The San Francisco Giants, in the thick of the National League wild-card race, traded some relief pitchers but not Bumgarner, one of the best postseason pitchers. The Cleveland Indians did trade Bauer despite being in the thick of the A.L. Central race, to the Cincinnati Reds in a blockbuster three-way trade with the San Diego Padres on Tuesday. But the return for Bauer was significant, including help for their lineup. And the Yankees ultimately weren’t too enthused by Ray.
The Mets, who turned into surprising deadline buyers, added Stroman, and held on to Noah Syndergaard and Zack Wheeler, a pending free agent, to make a run at the playoffs after not receiving the offers they requested for their players. A Mets-Yankees deal was unlikely, though.
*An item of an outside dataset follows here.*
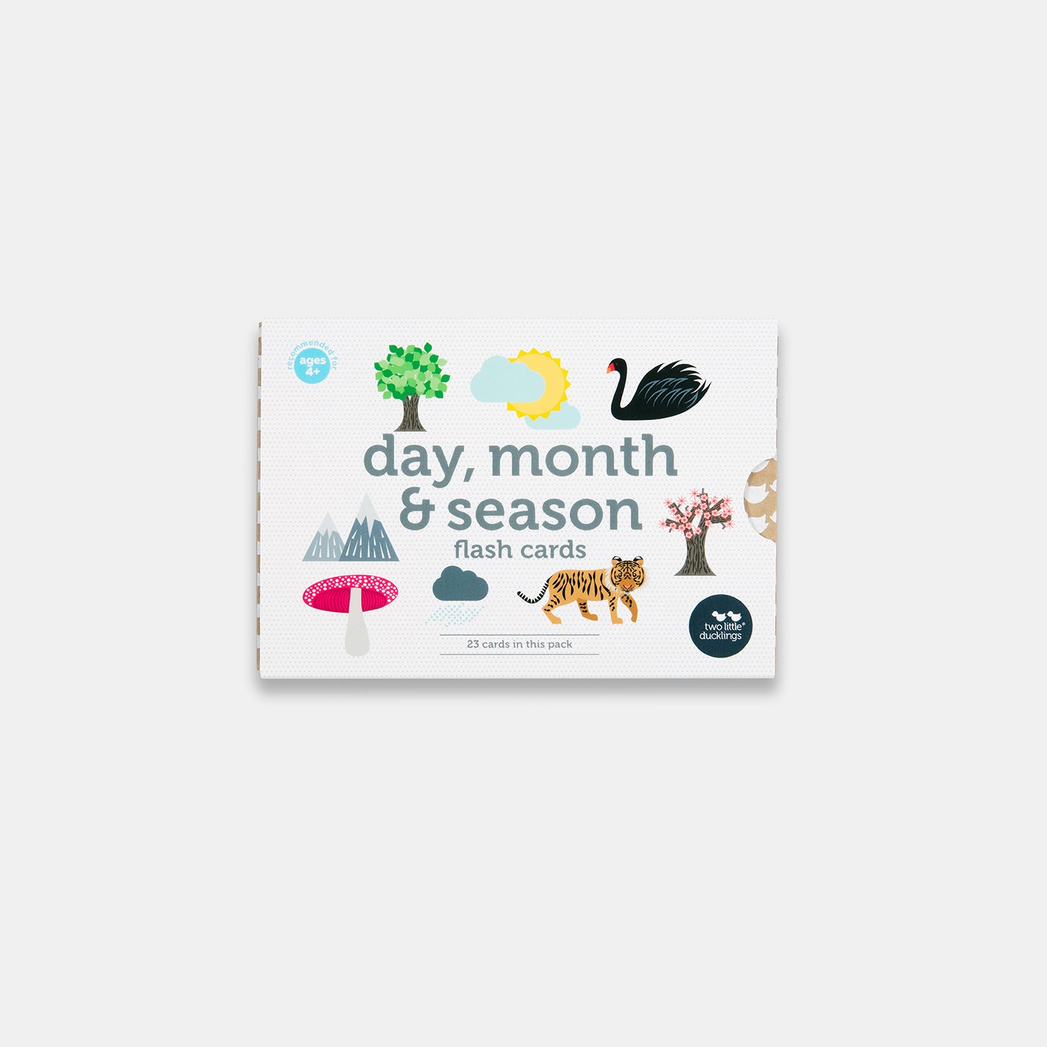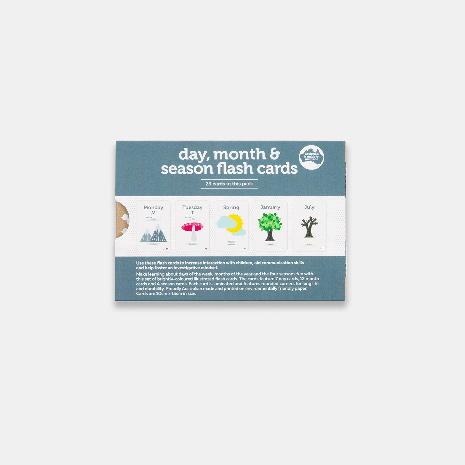 Make learning about days of the week, months of the year and the four seasons fun with this set of brightly-coloured illustrated flash cards. The cards feature 7 day cards, 12 month cards and 4 season cards. Each card is laminated and features rounded corners for long life and durability. Proudly Australian made and printed on environmentally friendly paper. Cards are 10cm x 15cm in size.
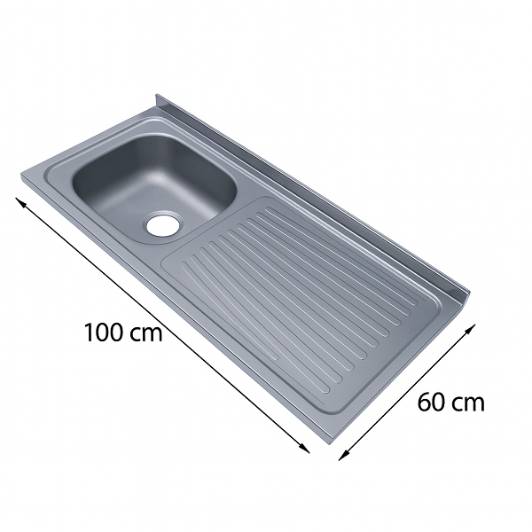 التصميم: مستطيل بحوض واحد مع مساحة جانبية مسطّحة لتجفيف الأطباق

The two teams have not made a significant trade since 2004, and the Mets believe the Yankees should pay an extra premium for their players.
“This deadline felt different,” Cashman said. “The reasons for that are hard to explain, other than the fact that I’d say most everything was out of reach based on my dialogues. But we stayed at it and tried to see if the prices were going to change.”
The Yankees remain a talented team. Although the Astros may have moved ahead in the eyes of World Series prognosticators, the Yankees have a large cushion in their division standings and have one of the best offenses and bullpens in the A.L.
The mere fact that Yankees have already weathered 24 different players spending time on the injured list this season — several of them stars and some of them with multiple trips there — is a credit to their investment in scouting, analytics, player development and some top free agents. (Though there was only bad news on that front as well: First baseman Luke Voit, who may need surgery for his sports hernia injury, and relief pitcher David Hale joined the I.L. on Wednesday.)
Still, the Yankees haven’t won a World Series title in a decade, and their pitching was a significant factor in their playoff exit last October. It was the motivation for sending a top prospect to Seattle for starter James Paxton, and spending $108 million on signing or re-signing starting pitchers C.C. Sabathia and J.A. Happ and relievers Zack Britton and Adam Ottavino. Masahiro Tanaka, Happ and Paxton have struggled; Sabathia is on the I.L for the third time this year with a chronic knee injury; and Severino hasn’t thrown a pitch this season. Nor has Betances, who could help a bullpen whose top four relief pitchers — Aroldis Chapman, Tommy Kahnle, Britton and Ottavino — are on pace to match or top their career highs in appearances in a season.
The Yankees hope their two injured former All-Stars, Severino and Betances, return soon, for the final push for the playoffs. They will know in October if standing pat was the right move.